[Work task]:
Where pictures appear, omit them, and copy exactly only the lines from the start of the listing through the line containing "本标准由浦江县质量技术监督检", both included.

[Data]:
BEGIN
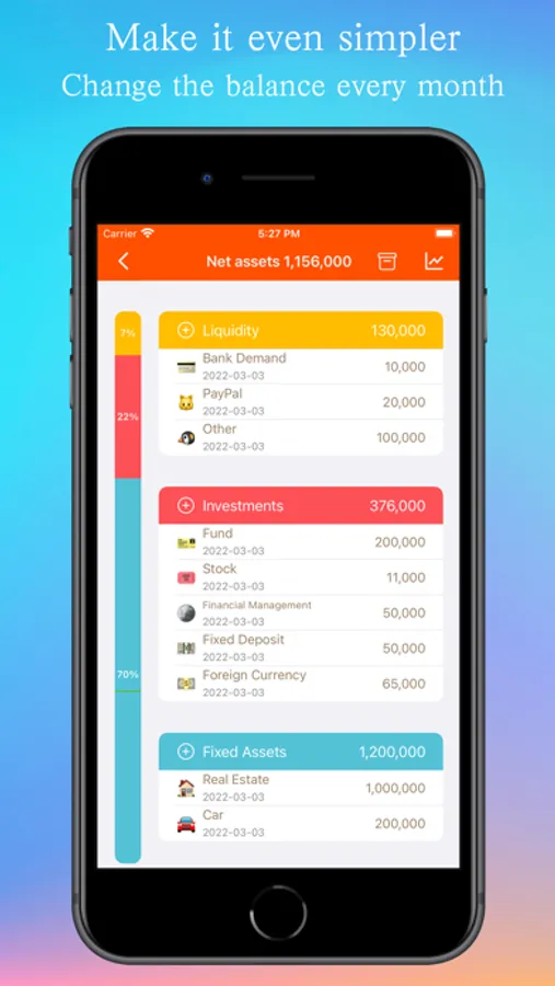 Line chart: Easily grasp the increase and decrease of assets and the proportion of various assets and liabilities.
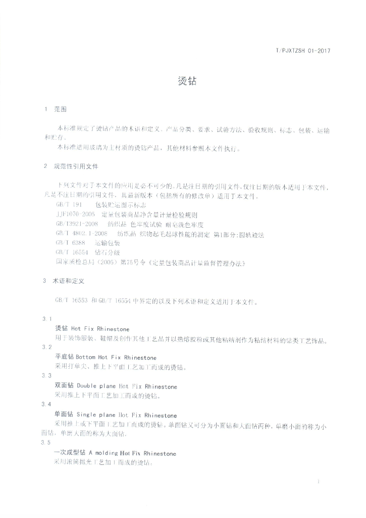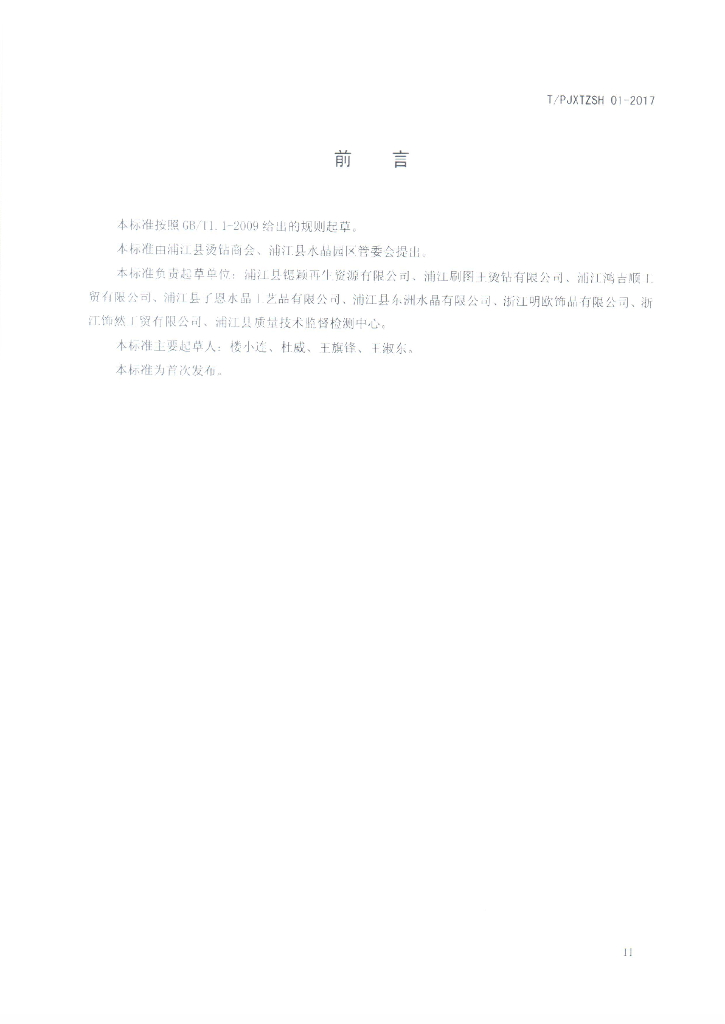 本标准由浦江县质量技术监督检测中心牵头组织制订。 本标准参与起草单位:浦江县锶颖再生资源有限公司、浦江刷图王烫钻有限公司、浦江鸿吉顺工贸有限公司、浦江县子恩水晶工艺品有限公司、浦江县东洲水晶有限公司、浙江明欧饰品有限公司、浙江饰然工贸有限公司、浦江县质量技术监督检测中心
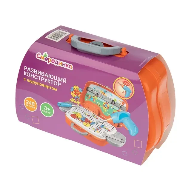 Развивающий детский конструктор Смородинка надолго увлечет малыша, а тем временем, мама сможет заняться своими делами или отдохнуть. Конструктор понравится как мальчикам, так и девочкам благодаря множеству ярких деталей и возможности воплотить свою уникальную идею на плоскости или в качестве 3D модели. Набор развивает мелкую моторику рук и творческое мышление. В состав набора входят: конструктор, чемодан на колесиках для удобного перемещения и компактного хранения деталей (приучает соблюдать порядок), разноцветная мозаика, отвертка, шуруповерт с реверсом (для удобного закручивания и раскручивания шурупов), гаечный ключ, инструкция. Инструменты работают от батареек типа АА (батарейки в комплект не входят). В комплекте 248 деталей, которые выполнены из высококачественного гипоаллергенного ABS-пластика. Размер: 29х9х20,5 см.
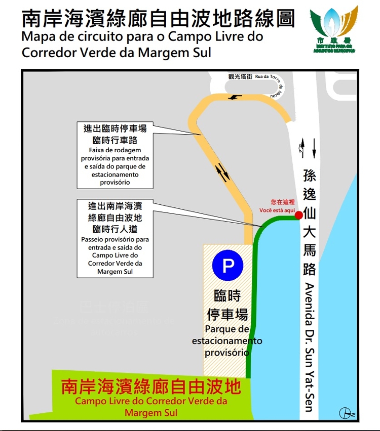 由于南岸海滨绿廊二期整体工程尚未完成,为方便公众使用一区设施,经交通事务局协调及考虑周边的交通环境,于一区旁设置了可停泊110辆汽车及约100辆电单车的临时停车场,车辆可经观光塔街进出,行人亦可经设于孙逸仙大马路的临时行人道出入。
END
[Solution to this problem]:
 Line chart: Easily grasp the increase and decrease of assets and the proportion of various assets and liabilities.
 本标准由浦江县质量技术监督检测中心牵头组织制订。 本标准参与起草单位:浦江县锶颖再生资源有限公司、浦江刷图王烫钻有限公司、浦江鸿吉顺工贸有限公司、浦江县子恩水晶工艺品有限公司、浦江县东洲水晶有限公司、浙江明欧饰品有限公司、浙江饰然工贸有限公司、浦江县质量技术监督检测中心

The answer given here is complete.